Children and adolescents
The dose of pancuronium bromide used in children is the same as in adults, on a body weight basis, and is 0.04 to 0.1 mg/kg body weight.
In children and adolescents up to 17 years of age, the maximum dose is 0.1 mg/kg body weight.
Infants
When using in infants in the first few months of life, individual sensitivity to the medicine should be checked each time.
The initial dose in infants is usually 0.02 to 0.04 mg/kg body weight of pancuronium bromide in the form of a bolus, and the maintenance dose is 0.015 to 0.02 mg/kg body weight.
Elderly patients
In elderly patients, the effect of pancuronium bromide is longer, so it may be necessary to reduce the dose.
Obese patients
In obese patients, determining the dose based on body weight may lead to overdose. Therefore, in these patients, individual response to the medicine is particularly important.
Patients with liver and kidney disorders
In patients with liver and kidney disorders, caution should be exercised when determining the dose.
After opening the ampoule with the medicine, the contents should be used immediately and the unused solution discarded.
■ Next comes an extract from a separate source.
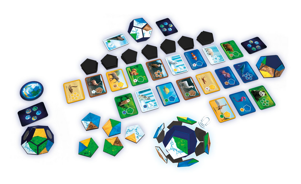 | Componentes: | 4 Núcleos de Planeta em 3D,50 Peças de Continente Magnéticas,45 Cartas de Animal,5 Cartas de Objetivo,1 Ficha de Primeiro Jogador,1 Berço Plástico para Acondicionar as Peças |

Use of a higher than recommended dose of Pancuronium Jelfa

Pancuronium belongs to the group of muscle relaxants, including respiratory muscles. Therefore, any effective dose may be a lethal dose in the event of inability to intubate the patient and provide controlled ventilation.
Chronic poisoning does not occur. The main symptoms of acute poisoning caused by intravenous administration of an excessive dose of the medicine are: prolonged respiratory depression and circulatory collapse.
Initially, patients may experience: ptosis, difficulty swallowing and speaking, and then, within 2-3 minutes, paralysis of the limbs, neck, intercostal muscles, and diaphragm.
Tachycardia, arrhythmias, vasodilation with venous stasis, and significant hypotension are often observed.
Treatment includes intubation of the patient and provision of controlled ventilation until spontaneous breathing returns. Blood pressure should also be monitored.
Specific treatment includes intravenous administration of one of the following:

  • 1. 10 mg of edrophonium (1 ml of 1% solution). If necessary, this dose can be repeated up to a total dose of 30 mg;
  • 2. neostigmine methylsulfate (1 to 2 ml of 1:2000 solution) intravenously, together with 1 mg of atropine. After each administration of these agents, the cannula and vein should be flushed with a sodium chloride solution.